Mantenha esta lista de verificação à mão enquanto trabalha na segurança dos fluxos de trabalho do GitHub Actions. Tente implementar rapidamente as medidas que puder e que demorem apenas alguns minutos, e partilhe-a com os seus colegas de equipa para que todos estejam a par das alterações.

Perguntas frequentes: Segurança do GitHub Actions

Qual é a forma mais comum de os fluxos de trabalho do GitHub Actions serem explorados?

A injeção de scripts é o vetor mais frequente. Os atacantes inserem código malicioso nos nomes das ramificações, nos títulos dos PR ou no corpo das issues, e os fluxos de trabalho que interpolam esses valores diretamente em executar: executá-las como comandos do shell. Fixar ações para confirmar SHA e utilizar variáveis de ambiente em vez de interpolação inline elimina grande parte desse risco.

O que é pull_request_target e por que é que isso é perigoso?

pull_request_target é um gatilho de fluxo de trabalho que é executado com acesso aos secrets do repositório base, mesmo quando o PR que o aciona provém de um fork.

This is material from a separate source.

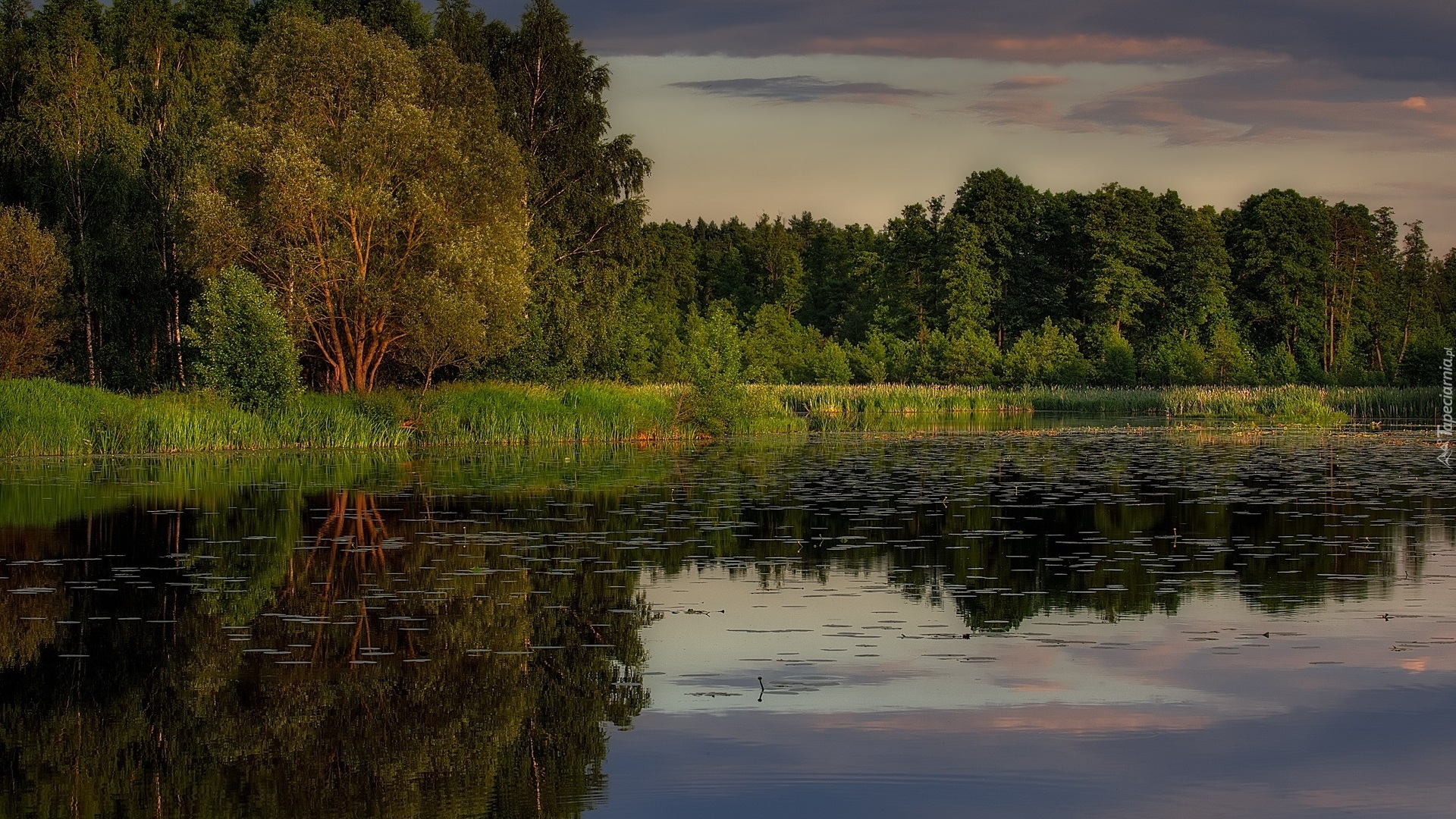Edytor tapety: Zielone drzewa i trawy dookoła jeziora

Como qualquer pessoa pode abrir um PR num repositório público, qualquer fluxo de trabalho que utilize este gatilho expõe secrets seus secrets colaboradores externos. Evite-o completamente em repositórios públicos.

O que significa «associar ações a um SHA de commit» e por que é que isso é importante?

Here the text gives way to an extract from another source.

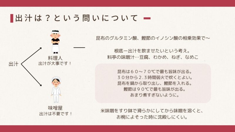 つまりは、ここで発言された料亭の料理人さんがお客様に飲ませたいのは、「お味噌汁」というより「出汁」なんですね。

A maioria dos fluxos de trabalho faz referência a ações de terceiros por meio de etiquetas, como utiliza: some-action@v3. As etiquetas são mutáveis, pelo que, se a conta de um responsável por uma ação for comprometida, um invasor pode redirecionar essa etiqueta para código malicioso sem que ninguém se aperceba. Fixar a uma SHA de commit completa, como utiliza: some-action@abc123... significa que o seu fluxo de trabalho executa sempre e apenas o que você revisou.

Devo utilizar runners auto-hospedados em repositórios públicos?

Não. Qualquer pessoa pode abrir um PR num repositório público e acionar um fluxo de trabalho. Nos runners hospedados no GitHub, isso é controlável porque o ambiente é efémero e isolado. Num runner auto-hospedado, uma política de aprovação mal configurada significa que os colaboradores externos podem executar código diretamente na sua infraestrutura.

O que é o OIDC e por que é que é melhor do que guardar credenciais na nuvem como secrets?

As credenciais estáticasarmazenadas como secrets do GitHub secrets válidas por tempo indeterminado, pelo que um segredo roubado continua a representar um risco muito tempo depois da violação. O OIDC permite que o seu fluxo de trabalho solicite um token de curta duração à AWS, ao Azure ou ao GCP, limitado a essa tarefa específica e válido por alguns minutos. Não há credenciais de longa duração que possam ser roubadas.